* WHAT THIS TASK INVOLVES
Make an exact copy of every entry, leaving the pictures out.

*** GIVEN DATA ***

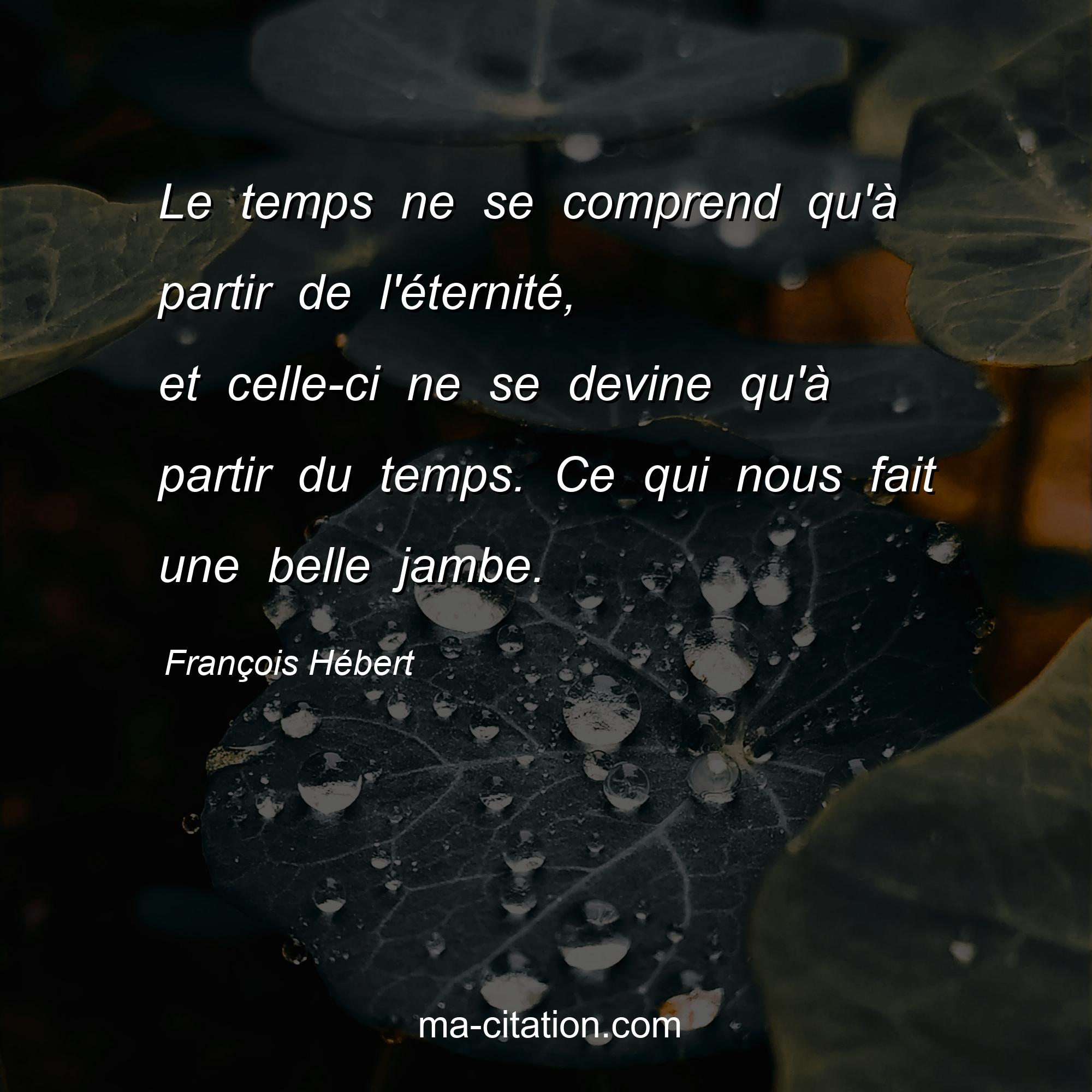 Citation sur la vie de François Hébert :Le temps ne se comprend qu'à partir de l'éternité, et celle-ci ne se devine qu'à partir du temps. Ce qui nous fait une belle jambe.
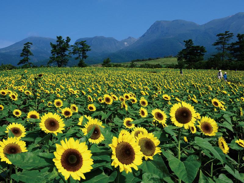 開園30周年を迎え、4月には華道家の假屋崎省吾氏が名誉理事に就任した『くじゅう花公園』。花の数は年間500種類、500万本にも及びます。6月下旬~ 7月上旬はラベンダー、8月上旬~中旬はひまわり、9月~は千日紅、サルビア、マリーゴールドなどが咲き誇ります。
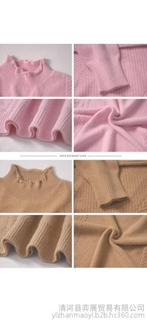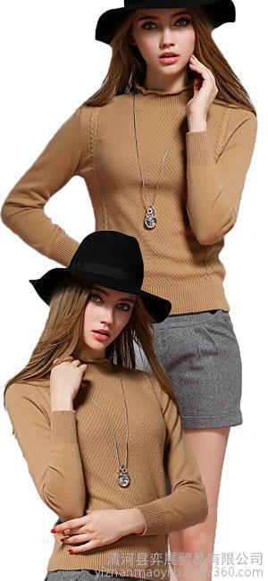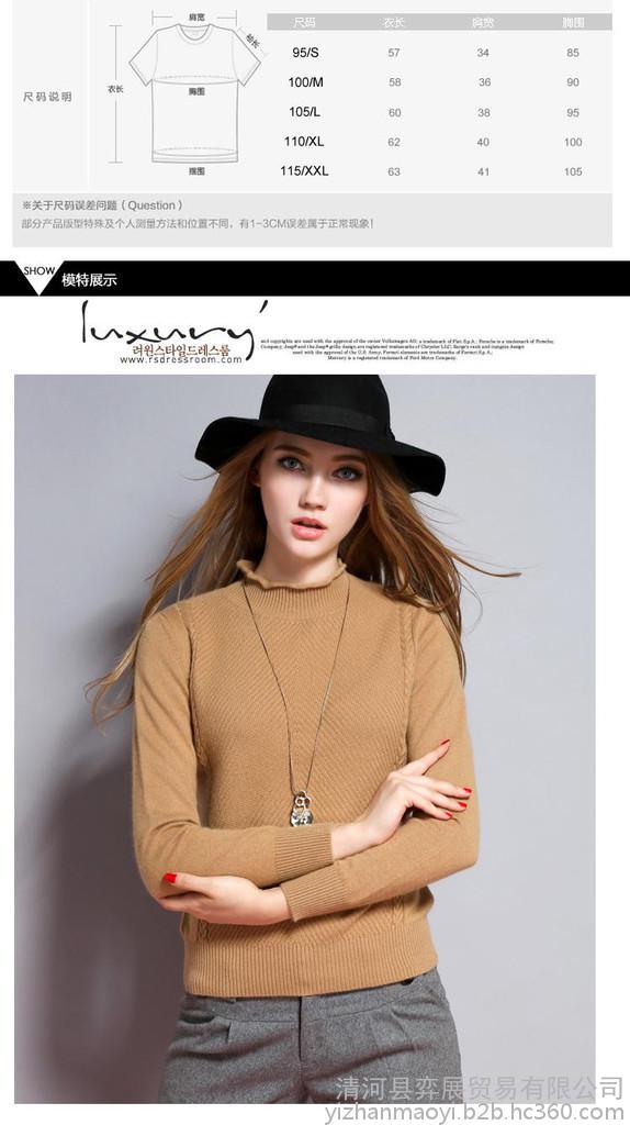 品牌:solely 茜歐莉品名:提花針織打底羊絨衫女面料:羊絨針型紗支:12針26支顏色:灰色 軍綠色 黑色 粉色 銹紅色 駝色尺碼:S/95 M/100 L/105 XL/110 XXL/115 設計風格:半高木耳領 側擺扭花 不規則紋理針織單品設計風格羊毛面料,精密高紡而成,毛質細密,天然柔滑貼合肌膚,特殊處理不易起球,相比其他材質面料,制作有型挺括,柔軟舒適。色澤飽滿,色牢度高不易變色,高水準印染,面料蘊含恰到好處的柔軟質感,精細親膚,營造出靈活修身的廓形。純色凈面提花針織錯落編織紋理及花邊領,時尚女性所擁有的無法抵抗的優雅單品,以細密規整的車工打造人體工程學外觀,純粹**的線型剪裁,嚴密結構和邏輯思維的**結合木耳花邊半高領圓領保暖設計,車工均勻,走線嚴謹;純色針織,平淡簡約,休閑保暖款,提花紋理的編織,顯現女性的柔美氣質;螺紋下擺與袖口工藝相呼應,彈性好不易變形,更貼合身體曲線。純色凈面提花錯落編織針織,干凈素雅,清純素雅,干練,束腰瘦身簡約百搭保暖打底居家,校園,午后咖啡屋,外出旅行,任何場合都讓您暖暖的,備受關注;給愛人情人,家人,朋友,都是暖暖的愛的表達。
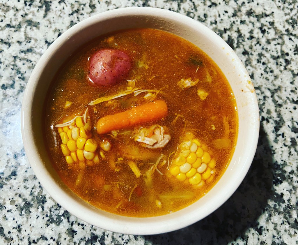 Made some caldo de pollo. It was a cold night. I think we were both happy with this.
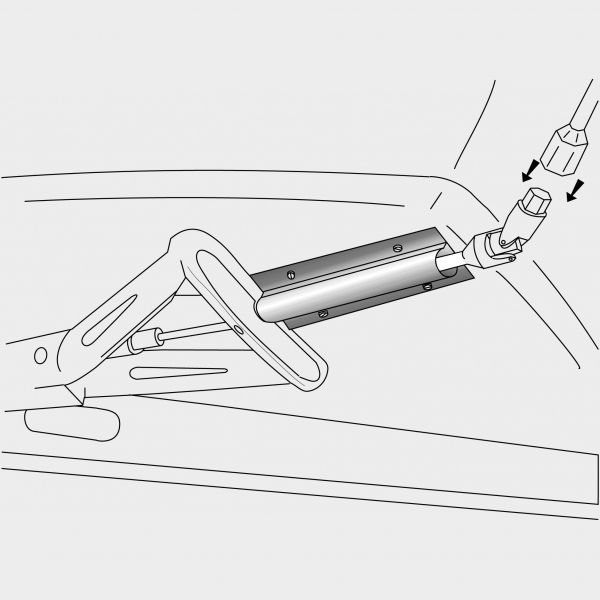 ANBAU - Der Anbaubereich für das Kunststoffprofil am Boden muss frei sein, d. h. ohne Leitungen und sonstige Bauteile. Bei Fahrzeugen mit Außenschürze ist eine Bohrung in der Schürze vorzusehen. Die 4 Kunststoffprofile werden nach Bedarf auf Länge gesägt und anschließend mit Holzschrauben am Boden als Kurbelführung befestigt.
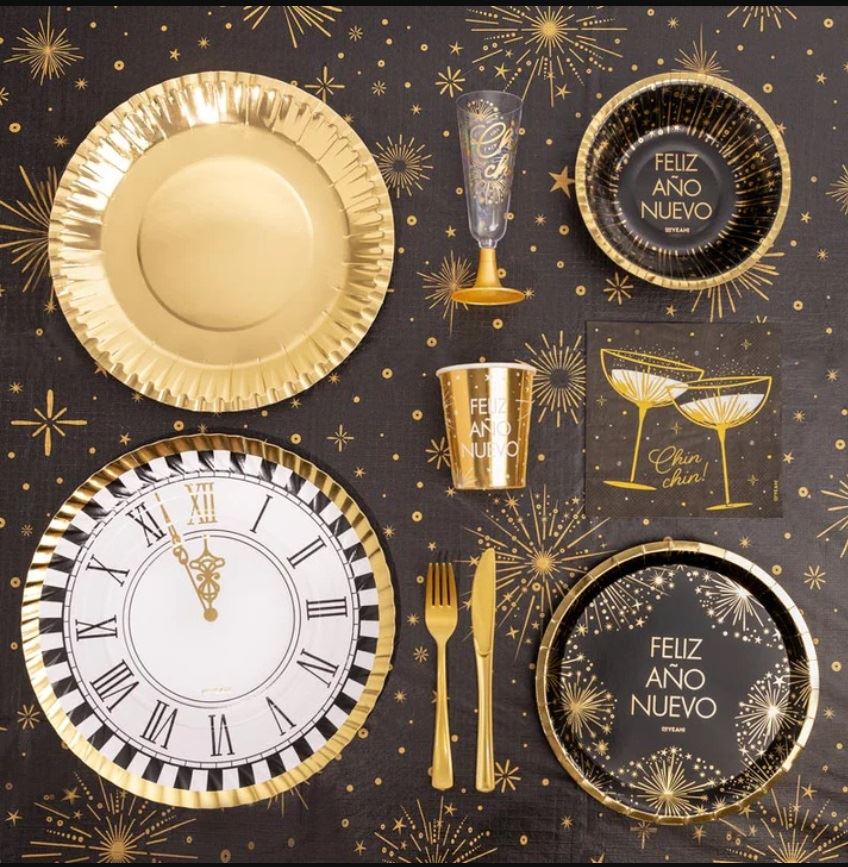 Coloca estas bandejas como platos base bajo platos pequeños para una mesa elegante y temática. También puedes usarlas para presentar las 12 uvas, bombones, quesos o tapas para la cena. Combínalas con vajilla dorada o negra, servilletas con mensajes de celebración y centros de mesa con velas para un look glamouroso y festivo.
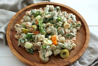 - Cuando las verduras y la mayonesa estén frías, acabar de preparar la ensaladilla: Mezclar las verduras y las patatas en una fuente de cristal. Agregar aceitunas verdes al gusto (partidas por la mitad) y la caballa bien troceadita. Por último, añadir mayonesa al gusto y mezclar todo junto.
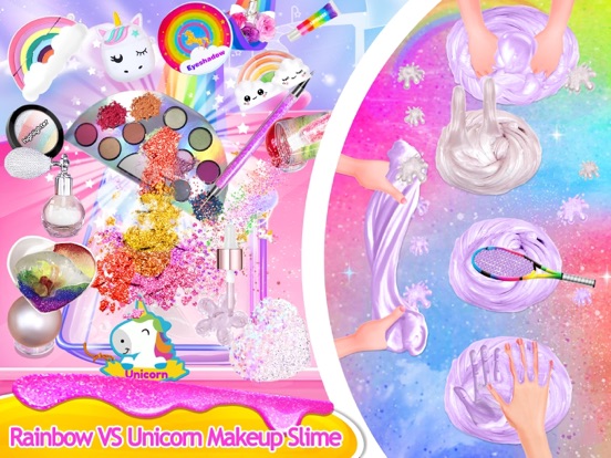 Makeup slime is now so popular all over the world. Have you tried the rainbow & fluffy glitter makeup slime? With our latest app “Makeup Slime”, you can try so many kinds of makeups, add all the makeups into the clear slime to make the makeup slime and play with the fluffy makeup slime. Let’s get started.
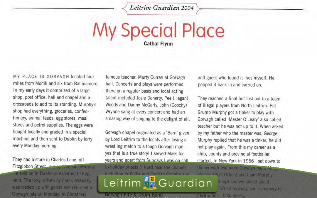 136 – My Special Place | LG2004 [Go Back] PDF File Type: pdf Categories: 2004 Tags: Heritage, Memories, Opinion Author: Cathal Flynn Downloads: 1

*** End of GIVEN DATA ***

* EXERCISE RESULT
 Citation sur la vie de François Hébert :Le temps ne se comprend qu'à partir de l'éternité, et celle-ci ne se devine qu'à partir du temps. Ce qui nous fait une belle jambe.
 開園30周年を迎え、4月には華道家の假屋崎省吾氏が名誉理事に就任した『くじゅう花公園』。花の数は年間500種類、500万本にも及びます。6月下旬~ 7月上旬はラベンダー、8月上旬~中旬はひまわり、9月~は千日紅、サルビア、マリーゴールドなどが咲き誇ります。
 品牌:solely 茜歐莉品名:提花針織打底羊絨衫女面料:羊絨針型紗支:12針26支顏色:灰色 軍綠色 黑色 粉色 銹紅色 駝色尺碼:S/95 M/100 L/105 XL/110 XXL/115 設計風格:半高木耳領 側擺扭花 不規則紋理針織單品設計風格羊毛面料,精密高紡而成,毛質細密,天然柔滑貼合肌膚,特殊處理不易起球,相比其他材質面料,制作有型挺括,柔軟舒適。色澤飽滿,色牢度高不易變色,高水準印染,面料蘊含恰到好處的柔軟質感,精細親膚,營造出靈活修身的廓形。純色凈面提花針織錯落編織紋理及花邊領,時尚女性所擁有的無法抵抗的優雅單品,以細密規整的車工打造人體工程學外觀,純粹**的線型剪裁,嚴密結構和邏輯思維的**結合木耳花邊半高領圓領保暖設計,車工均勻,走線嚴謹;純色針織,平淡簡約,休閑保暖款,提花紋理的編織,顯現女性的柔美氣質;螺紋下擺與袖口工藝相呼應,彈性好不易變形,更貼合身體曲線。純色凈面提花錯落編織針織,干凈素雅,清純素雅,干練,束腰瘦身簡約百搭保暖打底居家,校園,午后咖啡屋,外出旅行,任何場合都讓您暖暖的,備受關注;給愛人情人,家人,朋友,都是暖暖的愛的表達。
 Made some caldo de pollo. It was a cold night. I think we were both happy with this.
 ANBAU - Der Anbaubereich für das Kunststoffprofil am Boden muss frei sein, d. h. ohne Leitungen und sonstige Bauteile. Bei Fahrzeugen mit Außenschürze ist eine Bohrung in der Schürze vorzusehen. Die 4 Kunststoffprofile werden nach Bedarf auf Länge gesägt und anschließend mit Holzschrauben am Boden als Kurbelführung befestigt.
 Coloca estas bandejas como platos base bajo platos pequeños para una mesa elegante y temática. También puedes usarlas para presentar las 12 uvas, bombones, quesos o tapas para la cena. Combínalas con vajilla dorada o negra, servilletas con mensajes de celebración y centros de mesa con velas para un look glamouroso y festivo.
 - Cuando las verduras y la mayonesa estén frías, acabar de preparar la ensaladilla: Mezclar las verduras y las patatas en una fuente de cristal. Agregar aceitunas verdes al gusto (partidas por la mitad) y la caballa bien troceadita. Por último, añadir mayonesa al gusto y mezclar todo junto.
 Makeup slime is now so popular all over the world. Have you tried the rainbow & fluffy glitter makeup slime? With our latest app “Makeup Slime”, you can try so many kinds of makeups, add all the makeups into the clear slime to make the makeup slime and play with the fluffy makeup slime. Let’s get started.
 136 – My Special Place | LG2004 [Go Back] PDF File Type: pdf Categories: 2004 Tags: Heritage, Memories, Opinion Author: Cathal Flynn Downloads: 1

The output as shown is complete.